Sunday 22 June 2008
Birthday books
Oh dear, I've been so slow this week in keeping the blog up to date, but the real world overtook the virtual one (sickness in the family, etc etc).
Anyway, it was my birthday on Friday, and my older son has just finished his A-levels and left school, so rites of passage and empty nests are looming. Meanwhile, in between eating homemade carrot cake, I've been re-reading "Cannonball Simp", by John Burningham, which I've had for over four decades, since it was given to me as a birthday present when I was about four years old. It's one of my favourite ever books -- about a little black dog who is abandoned by its owner at a rubbish dump, and then finds a home with a clown at the circus. I knew it off by heart as a child, and then read it to my sons when they were little, and it has survived endless moves of house, not to mention countless sticky fingers. Needless to say, I now have a dog of my own, who isn't black, but nevertheless bears more than a passing resemblance to Simp, being a somewhat barrel-shaped mutt (mainly Jack Russell, but with ears like a Corgi). She's ten, and therefore past her youthful self (like me, though actually, in dog years, she's overtaken me), and is snoozing in the sunshine outside. In fact, she looks so peacefully comfortable, I think I might go and join her for a little while...
Thursday 12 June 2008
Burgh House and Althorp
Tomorrow is Friday 13th, which I hope isn't a bad augur for an event I'm doing at Burgh House, a beautiful Queen Anne house which is the home of the Hampstead Museum, and just around the corner from Cannon Hall, where Daphne du Maurier grew up. It also happens to be the place where my wedding celebrations took place, many years ago, so I feel very sentimentally attached to it. Anyway, I won't be telling wedding stories tomorrow, but I will be talking about 'Daphne', at what sounds like a very civilised literary lunch (please do come along if you can get to Hampstead by 1pm).
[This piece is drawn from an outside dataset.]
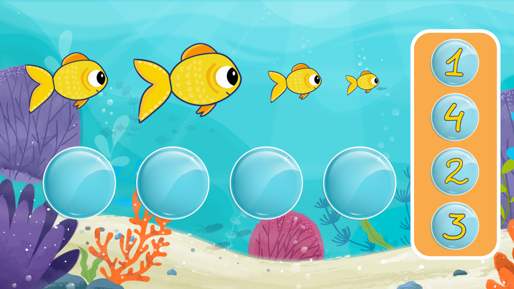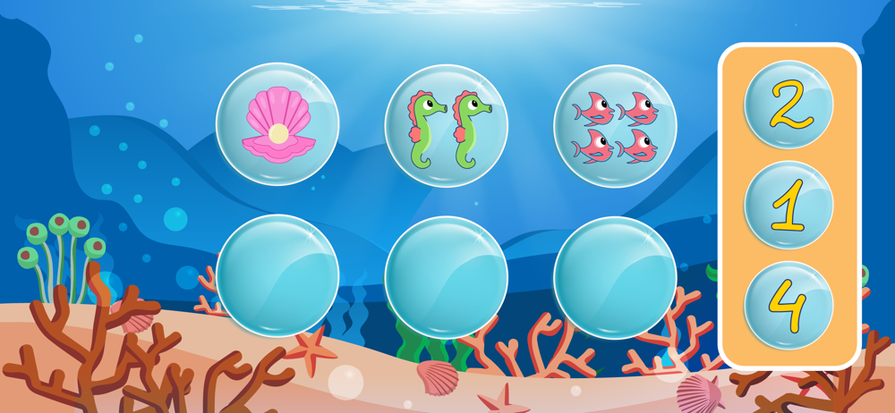 Learning has never been this enjoyable! In the "Bubbles" game, babies, kids and toddlers will pop bubbles to reveal numbers and colors, fostering their understanding of counting and basic arithmetic. In "Matching Fishes," kids will have a splashing good time while honing their memory and concentration skills.

Then on Saturday I'm going to Northamptonshire, to speak at the Althorp Literary Festival.
Two unusually beautiful houses in the space of two days... I feel very privileged. In fact, the various talks and events that I've done in the last three months, since the publication of 'Daphne', have taken me all over the country, to a series of lovely places (Calcot Manor, the British Library, the Bronte Parsonage, Christ Church and St Anne's in Oxford, Ferryside, Port Eliot, amongst others). But it's not just been the settings that have made these events special -- I've had the chance to meet a great many interesting people, many of whom have shared my passion for du Maurier and the Brontes. They've told me new stories, and given me fresh impetus, and renewed enthusiasm. And what more could a writer ask for than that?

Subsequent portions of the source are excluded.